Dividend growth stocks are the gift that keeps on giving. I like the fact that most of the work in selecting good dividend growth stocks is upfront in analyzing those investments. What follows next is a lifetime of dividend payments, distributed every quarter, which grow over time. My goal is to assemble enough dividend growth stocks in my portfolio, in order to start generating income to pay for my retirement. My dividend portfolio is a silent worker in my household, who works 24/7 for me, and who dutifully shares all of their income with me. This income is completely passive in nature, and it does not require me to wake up at 6 am every day, shuffle TPS reports all day long, and make sure I do not forget to put a coversheet on those same reports.

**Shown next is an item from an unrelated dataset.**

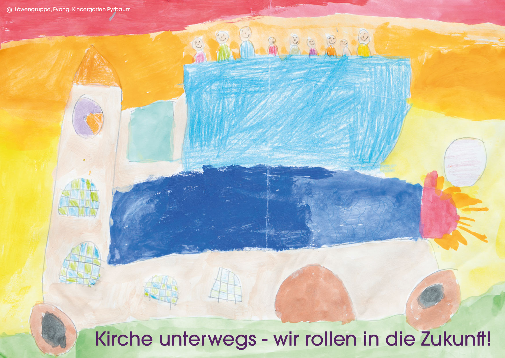 Die Löwengruppe aus der Evangelischen Kindergarten in Pyrbaum hat mit der "Rollenden Kirche" den Malwettbewerb zur KV Wahl im Kirchenkreis Regensburg…

I like watching dividend growth investing at work – this is when the companies I own keep rewarding me with a higher dividend check for a decision I made years ago. There were several notable companies which raised their dividends to shareholders. The list includes:


Omega Healthcare Investors, Inc. (OHI) is a real estate investment trust which invests in healthcare facilities, primarily in long-term healthcare facilities in order to create its portfolio. The company increased its quarterly dividend to 55 cents/share. This increase represents a 7.80% increase over the distribution paid during the same time last year. Omega Healthcare Investors is a dividend achiever, which has managed to grow dividends for 13 years in a row. Over the past decade, this REIT has managed to boost dividends by 10.90%/year. This REIT currently yields 6.20%. Check my review of Omega Healthcare Investors for more details.

Kinder Morgan, Inc. (KMI) operates as an energy infrastructure and energy company in North America. The company operates through Natural Gas Pipelines, CO2, Terminals, Products Pipelines, Kinder Morgan Canada, and Other segments. The company increased its quarterly dividend to 49 cents/share. This represents a 14% increase over the distribution paid during the same time last year. In addition, the company is on track to reach annual dividend payments of $2/year in 2015. Kinder Morgan has managed to raise dividends every single year since it went public in 2011. The stock yields 5.20%.Since this is my largest position, I will not be buying more shares. However, I am bullish on the company and its plans to grow distributions over the foreseeable future.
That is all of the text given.